In contrast, business payment networks are some of the most secure ways to pay vendors that currently exist and are both faster (1-2 business days instead of 5-9, in many cases) and less expensive (checks can cost north of $9 in hard costs, ACH payments and cards cost pennies to process).

Business payment networks can also carry advantages over traditional ACH programs, card programs, and homegrown digital payment processes, as outlined in the previous section. Being able to execute payments more quickly and with added protections means greater speed and less risk, two core priorities for almost every finance team.

 

Why companies prefer B2B payments networks

In a nutshell, it’s those benefits we outlined above, as well as the ease associated with outsourcing core aspects of the payments process.

At a high level, the benefits of a B2B payments network are all about reducing costs, enhancing security, and creating new opportunities for efficiency and speed. Additional benefits include the potential to earn the finance department revenue via rebates on AP spend, freeing up employees to focus on strategic initiatives instead of data entry and processing, and improved supplier relationships thanks to the elimination of errors and delays.

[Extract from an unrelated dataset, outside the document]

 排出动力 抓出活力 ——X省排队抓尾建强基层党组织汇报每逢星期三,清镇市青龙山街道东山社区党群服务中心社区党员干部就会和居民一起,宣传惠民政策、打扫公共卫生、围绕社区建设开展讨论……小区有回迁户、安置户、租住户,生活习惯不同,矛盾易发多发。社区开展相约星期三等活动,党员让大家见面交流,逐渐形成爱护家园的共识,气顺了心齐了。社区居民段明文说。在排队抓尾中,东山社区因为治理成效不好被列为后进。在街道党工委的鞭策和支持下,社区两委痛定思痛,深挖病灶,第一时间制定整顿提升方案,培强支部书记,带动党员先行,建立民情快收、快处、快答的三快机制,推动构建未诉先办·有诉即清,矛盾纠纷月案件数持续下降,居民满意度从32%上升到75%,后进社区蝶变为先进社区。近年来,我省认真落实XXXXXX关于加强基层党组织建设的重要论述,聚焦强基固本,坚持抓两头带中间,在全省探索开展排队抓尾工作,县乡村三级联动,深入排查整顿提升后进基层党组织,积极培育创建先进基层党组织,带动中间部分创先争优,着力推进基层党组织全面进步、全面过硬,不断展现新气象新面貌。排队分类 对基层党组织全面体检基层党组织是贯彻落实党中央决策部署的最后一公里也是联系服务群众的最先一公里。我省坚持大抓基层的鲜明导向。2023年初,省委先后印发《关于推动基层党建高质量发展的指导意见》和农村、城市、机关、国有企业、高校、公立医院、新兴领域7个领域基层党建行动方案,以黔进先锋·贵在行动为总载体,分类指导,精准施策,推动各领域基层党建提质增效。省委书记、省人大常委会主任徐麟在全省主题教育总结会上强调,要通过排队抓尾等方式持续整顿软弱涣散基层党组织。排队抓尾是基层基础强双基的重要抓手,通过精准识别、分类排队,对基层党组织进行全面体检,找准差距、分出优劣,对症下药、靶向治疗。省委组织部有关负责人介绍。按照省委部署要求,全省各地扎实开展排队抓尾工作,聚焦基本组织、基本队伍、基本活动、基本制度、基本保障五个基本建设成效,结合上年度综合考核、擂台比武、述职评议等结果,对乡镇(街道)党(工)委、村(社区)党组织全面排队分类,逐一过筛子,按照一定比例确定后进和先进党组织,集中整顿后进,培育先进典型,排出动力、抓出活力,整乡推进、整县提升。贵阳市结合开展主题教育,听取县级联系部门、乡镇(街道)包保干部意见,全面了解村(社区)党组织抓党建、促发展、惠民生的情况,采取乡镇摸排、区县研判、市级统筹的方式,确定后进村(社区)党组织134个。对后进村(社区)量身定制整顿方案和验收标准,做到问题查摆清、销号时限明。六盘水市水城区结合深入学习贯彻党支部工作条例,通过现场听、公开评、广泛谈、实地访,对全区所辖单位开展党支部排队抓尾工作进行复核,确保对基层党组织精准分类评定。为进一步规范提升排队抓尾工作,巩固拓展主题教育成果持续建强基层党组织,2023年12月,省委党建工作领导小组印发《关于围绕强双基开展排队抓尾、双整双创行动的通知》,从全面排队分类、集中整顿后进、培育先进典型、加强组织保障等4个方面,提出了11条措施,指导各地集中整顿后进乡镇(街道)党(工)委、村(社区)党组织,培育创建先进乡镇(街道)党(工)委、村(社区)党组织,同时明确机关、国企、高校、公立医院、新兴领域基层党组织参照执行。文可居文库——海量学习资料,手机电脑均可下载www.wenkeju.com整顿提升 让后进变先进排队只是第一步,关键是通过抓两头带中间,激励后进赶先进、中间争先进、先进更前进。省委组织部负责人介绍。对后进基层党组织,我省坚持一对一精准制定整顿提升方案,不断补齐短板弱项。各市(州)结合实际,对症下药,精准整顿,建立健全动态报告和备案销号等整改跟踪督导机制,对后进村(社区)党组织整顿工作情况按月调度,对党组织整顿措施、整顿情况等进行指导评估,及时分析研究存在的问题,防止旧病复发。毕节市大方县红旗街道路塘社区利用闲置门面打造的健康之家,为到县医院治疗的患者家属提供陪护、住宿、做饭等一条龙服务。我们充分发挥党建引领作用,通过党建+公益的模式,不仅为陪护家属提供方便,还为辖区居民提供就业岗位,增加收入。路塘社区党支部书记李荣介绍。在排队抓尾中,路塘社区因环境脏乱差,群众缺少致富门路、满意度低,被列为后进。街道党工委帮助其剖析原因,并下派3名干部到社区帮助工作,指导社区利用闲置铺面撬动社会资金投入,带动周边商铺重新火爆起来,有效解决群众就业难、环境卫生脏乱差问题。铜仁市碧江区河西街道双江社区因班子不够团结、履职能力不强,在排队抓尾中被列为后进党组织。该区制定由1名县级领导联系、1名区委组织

That last item dovetails nicely with the benefits of outsourcing. Good B2B payments networks should handle vendor onboarding and enrollment for you, which includes obtaining and holding sensitive financial information like bank accounts. That removes risk and considerable time from the equation. Outsourcing also allows for your team to focus

on the parts of the process that are vital—like review and approval—and not on the tedious parts they never enjoyed doing in the first place.

Businesses prefer these networks, in short, because they represent a massive step forward in convenience, fraud prevention, and efficiency compared to the payment rails that came before them.

 

What to look for in a network

Your individual business needs will vary, but there are some facets of a B2B payments network that every organization should prioritize.

  • Comprehensive security. If the company you’re talking to can’t tell you the difference between a SOC2 and a pair of socks, they’re not going to be able to protect you, your vendors, or your payments. Look for layers of defense, easily explained and secure supplier enrollment, and multi-factor authentication bolted onto every account and banking change to ensure you, and your valued vendors are protected.
     
  • Intelligent vendor enrollment. Traditional enrollment efforts are cumbersome and time-consuming, as they usually involve paper letters, plenty of phone calls, and can involve errors. Networks that staff their own enrollment teams can encourage self-enrollment through secure portals, handle the outbound communication themselves, and message the benefits to vendors rather than badger them to join.
     
  • Vendor benefits to encourage adoption. Networks can offer sweeteners to get vendors to join and accept electronic payments like ACH and card that carry small fees. Those perks can include invoice submission software, improved remittance data, and even accounts receivable automation tools.
     
  • Clear efficiency gains. One of the best ways to understand how much time, money, and trouble a network can save is by having a potential provider outline the process steps. Ideally, comprehensive payments automation will be part and parcel of adopting a B2B payments network, but simply swapping out traditional check, ACH, and card payments for the ACH and card payments made possible by these networks lead to significant efficiency gains.
     
  • Rebate potential. It’s not a top-of-mind concern for many AP teams, but being able to offset any costs associated with a network and potentially other automation software via rebates can make a significant difference in your budget.

It’s highly recommended that you shop for networks the same way you would shop for a major purchase in your personal life, by consulting a company’s website, checking out reviews and testimonials where available, and going into sales conversations with a checklist of priorities to address. A business payments network is a significant investment in your business’s future ability to meet both today’s and tomorrow’s finance challenges, so getting the right one matters a great deal.